MapReduce has emerged as a prominent and well-known solution for processing unprecedented
growth of data in an efficient manner. It offers distributed processing of data on clusters of
machines. It can process both structured and unstructured data. It has become a popular computing
model for cloud platforms and is helpful to process terabytes or gigabytes of data in parallel,
achieving quicker results. Since the current design of MapReduce does not consider virtualization
so, cloud computing provides a virtualized environment to it where multiple virtual machines
(VMs) share resources such as disks, networks, and main memory (Hwang et al., 2018; Tripathi
et al., 2018). Hence, running MapReduce on cloud computing is becoming popular as it provides
a reliable, available, and scalable environment for the processing of these huge data queries.

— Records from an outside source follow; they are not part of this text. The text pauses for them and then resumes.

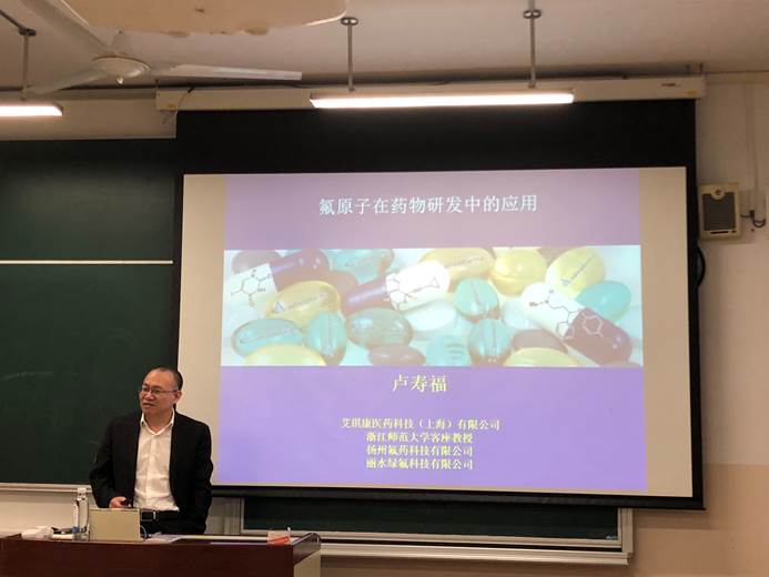 应永利23411集团邀请,上海艾琪康医药科技有限公司总裁卢寿福博士于10月25日15:30在七教101为永利23411集团和化学院师生做了题为“氟原子在药物研发中的应用”的学术报告。报告会由邓卫平教授主持。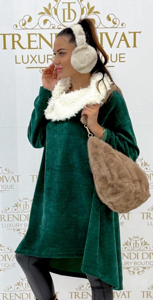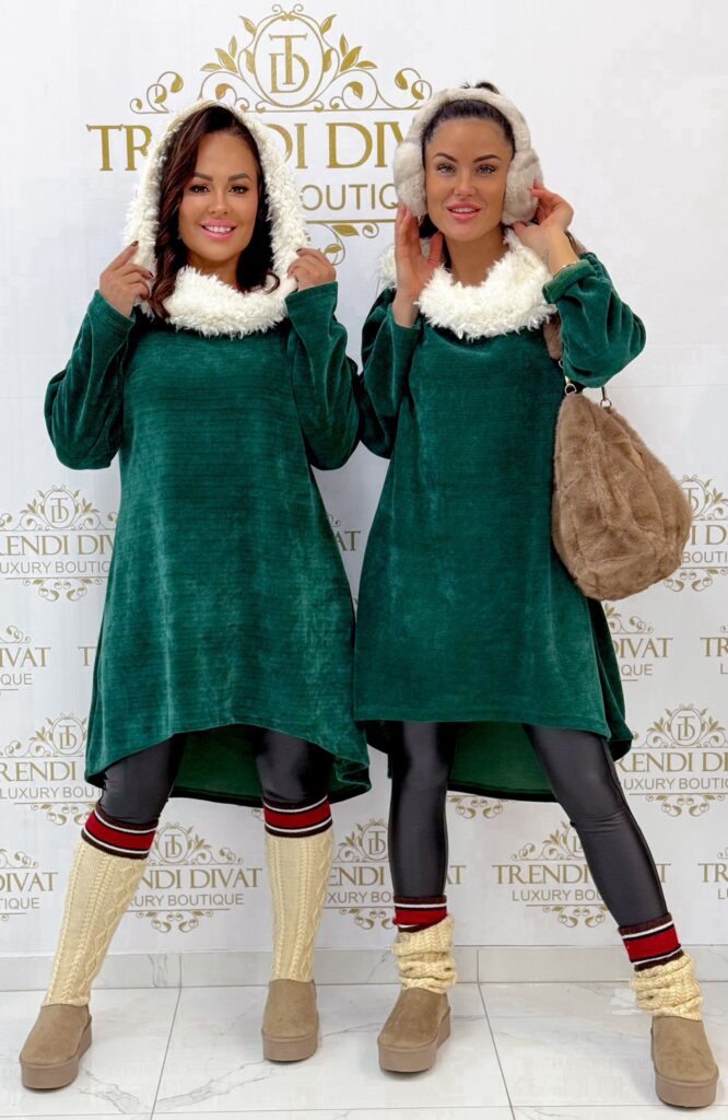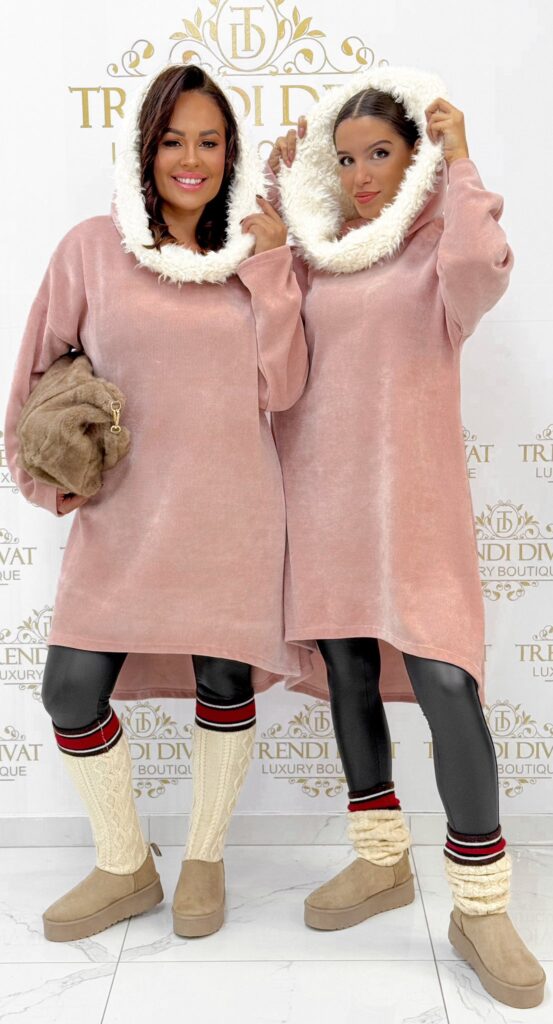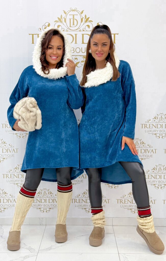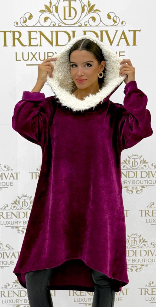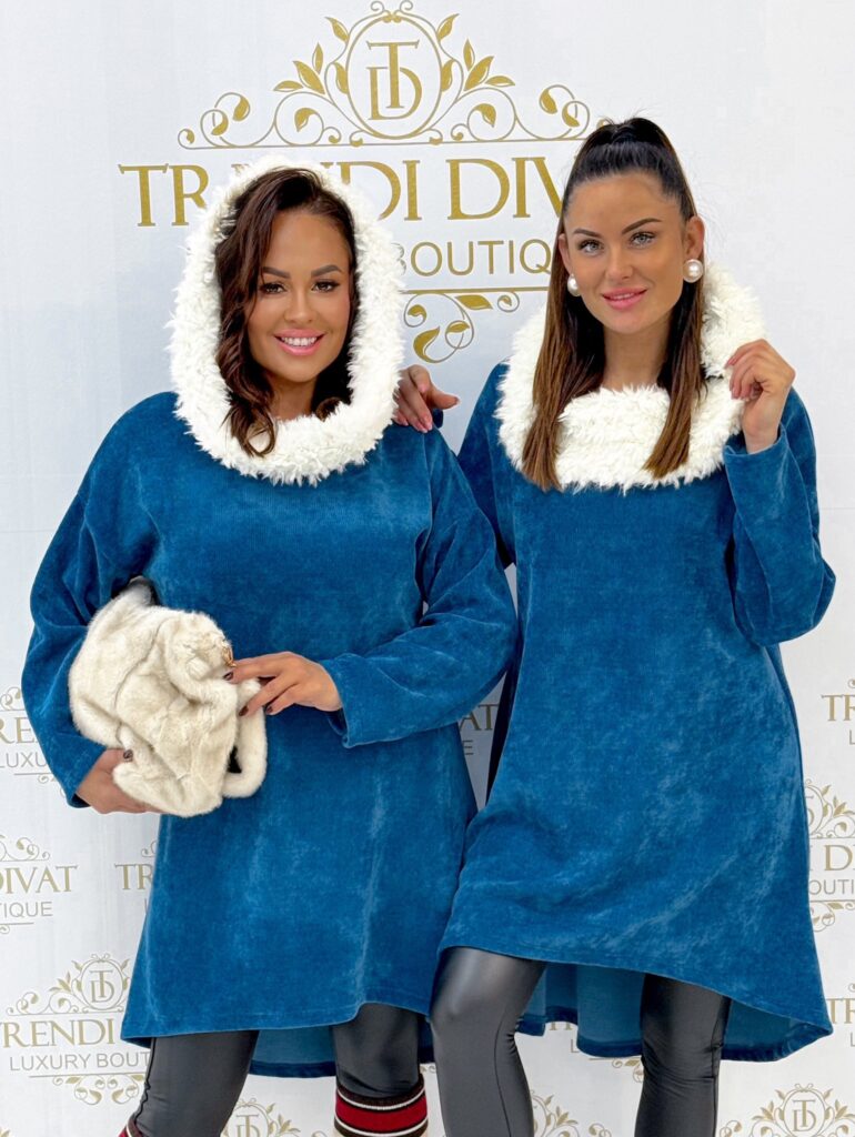 Be the first to review “Soft fur hooded tunic with corduroy effect, shorter in front”
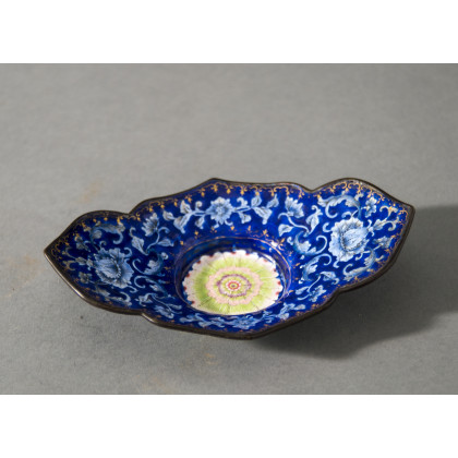 Piattino polilobato in rame smaltato Cina, Dinastia Qing (1644-1911), sec. XIX a fondo blu, decorato con motivo di peonie e foglie (restauri) A Chinese cloisonné "peony" petal shaped plate. China, Qing Dynasty, 19th century (restorations) (cm 3,5x15,5x10,1)

Several techniques exist in the Cloud-based environment which can further boost MapReduce
query performance such as Indexing, Caching, and Joining. Researchers have already been
working on these techniques. But in the present study, the emphasis is on caching techniques as it
has not been much explored in cloud systems. Caching is one of the solutions that can boost
MapReduce performance by reducing the cost of I/O operations, the load of the server, query
response time, and CPU usage.
The present study makes an attempt to enhance the performance of MapReduce by proposing an
algorithm named MapReduce with cache (MRC), based on caching scheme. The main objective
of the MRC algorithm is to reduce the job execution time of the MapReduce tasks by retrieving
2
the results from the cache memory. It reduces the number of disks I/O operations and hence, in
return, reduces the overall job execution time of the queries fired on the MapReduce system. It
increases the throughput of the system. It also avoids the overheads of processing duplicate or
similar datasets.
To measure the performance of the proposed MRC system, Hadoop benchmarks are run on a single
node Hadoop cluster (pseudo-distributed mode) as well as on a heterogeneous Hadoop cluster
(fully distributed mode) formed in Amazon Web Services (AWS).
In order to evaluate the performance of MRC, a comprehensive set of four experiments is
conducted. The database used in the experiment is Gutenberg. The HiBench Benchmark Suite,
WordCount is used to analyze the behavior and performance improvement of the MRC system.
This benchmark suite is used to perform a comparison between the non-MRC system and the
proposed MRC system in terms of MapReduce Job execution time. It is observed that the
algorithm, proposed in the thesis, is capable of reducing the average job execution time of
MapReduce tasks in a cloud-based environment. The MRC (3-node cluster) system shows a
performance enhancement of 48.01 % and the average reduction in job execution time is -51.99%.
The MRC (5-node cluster) system shows a performance enhancement of 48.86 % and the average
reduction in job execution time is -51.14%. The MRC (7-node cluster) system shows a
performance enhancement of 50.09 % and the average reduction in job execution time is -49.91%.
The MRC (9-node cluster) system shows a performance enhancement of 51.38 % and the average
reduction in job execution time is -48.61%. It is observed that the algorithm, proposed in the
thesis, is capable of reducing the average job execution time of MapReduce tasks in a cloud-based
environment. Experiment results showed that the MRC has significant performance improvement
over the non-MRC system.